"Rifle-fire! Out on the veld over yonder." McFadyen's towel waved North. "Do ye hear it?"
"Ay, do I! First bluid has been drawn. And to which side?"
Boom!...
The Hospital quivered to its foundations at the tremendous detonation. Shattered glass fell in showers of fragments from the roof of the operating-theatre, as the force of the explosion passed beneath the buildings in a surging of the ground on which they stood, a slow wave rolling southwards, without a backward draw.
The lavatory door had jammed, as doors will jam in earthquakes. Saxham tore it open, and the three shirt-sleeved, ensanguined men ran through the theatre, strewn with the débris from the roof, and through the double glazed doors communicating with the passage, populous with patients who should have been in bed, pursued by nurses as pale and shaken as their stampeding charges. The rear of the Hospital faces North, and they ran down a corridor full of dust, ending in more glazed doors, and tore out upon the back stoep, wide and roomy, and full of deck chairs and wicker lounges.

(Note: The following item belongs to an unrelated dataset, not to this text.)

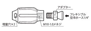 | 波動エアーの打撃で、凹凸した場所でも強力ブロー! ●パルスブローにすることで、より除塵力がアップ。 ●フレキシブル空気冷却ホースに取付けて使用できるコネクタつき。 ●切削粉・粉塵・水分・オイルの吹き飛ばしに。 ![]() ■寸法図 ![]() ![]() ■仕様

"Do ye see it? Ten thousand salted South African deevils! Do ye no' see it?" the Surgeon-Major yelled, pointing to a monstrous milk-white soap-bubble-shaped cloud that slowly rose up in the hot blue sky to the North and hung there, sullenly brooding.
"What is it, Major?" shouted Saxham, for behind them the Hospital was full of clamour. Nurses and dressers were running out into the grounds to listen and question and conjecture, the barely reclaimed veld beyond the palings was black with hurrying, shouting men, bandoliered, and carrying guns of every kind and calibre, from the venerable gaspipe of the native and the aged but still useful Martini-Henry of the citizen, to the Lee-Metford repeating-carbine, and the German magazine rifle of latest delivery to the troops of Imperial Majesty at Berlin. Men were clustered like bees on the flat tin roofs of the sheds at the Railway Works; men had climbed the signal-posts and were looking out from them over the sea of veld; the Volunteers garrisoning the Cemetery had poured from their temporary huts and dug-out shelters, and were massed on the top of their sand-bag mounds. A fair, handsome Staff officer, the younger of the two men who had accompanied the Colonel, went by at a tearing gallop, mounted on a fine grey charger, and followed by an orderly, while the pot-hat and truncheon of a scared native constable emerged timidly from the gaping jaws of a rusty water-cistern, long dismissed from Hospital use, and exiled to the open with other rubbish waiting transference to the scrap-heap; and far out upon the railway-line that vanished in the yellowing sea of veld an unseen engine screeched and screeched....
The Chief, in his pet post of vantage upon the roof of Nixey's Hotel, lowered his binoculars as the persistent whistle kept open. The lines about his keen eyes and mouth curved into a cheerful smile. The sound was coming nearer, and presently Engine 123 backed into view, a mile or so from waiting, expectant Gueldersdorp, and snorting, raced at full speed for her home in the railway-yard. Her driver was the young Irishman from the County Kildare, and her guard hailed from Shoreditch. And both of them had a tale to tell of what Taggart had called the Colonel's double surprise-packet, to a tall man whom they found waiting on the metals by the upper Signal Cabin.
"Six mile from the start, sorra a yard more or less, sorr! I sees a comp'ny o' thim divils mustered on the bog, I mane the veld, sorr—smokin' their pipes an' passin' the bottle, an' givin' the overlook to a gang av odthers, that was rippin' up the rails undher the directions av a head-gaffer wid a hat brim like me granny's tay-thray, an' a beard like the Prophet Moses."
"I sor 'is whoppin' big 'at myself, though we was two mile off when we picked the beggars out," the guard objected; "but 'ow could you twig 'is beard or that the other blokes was smokin'?"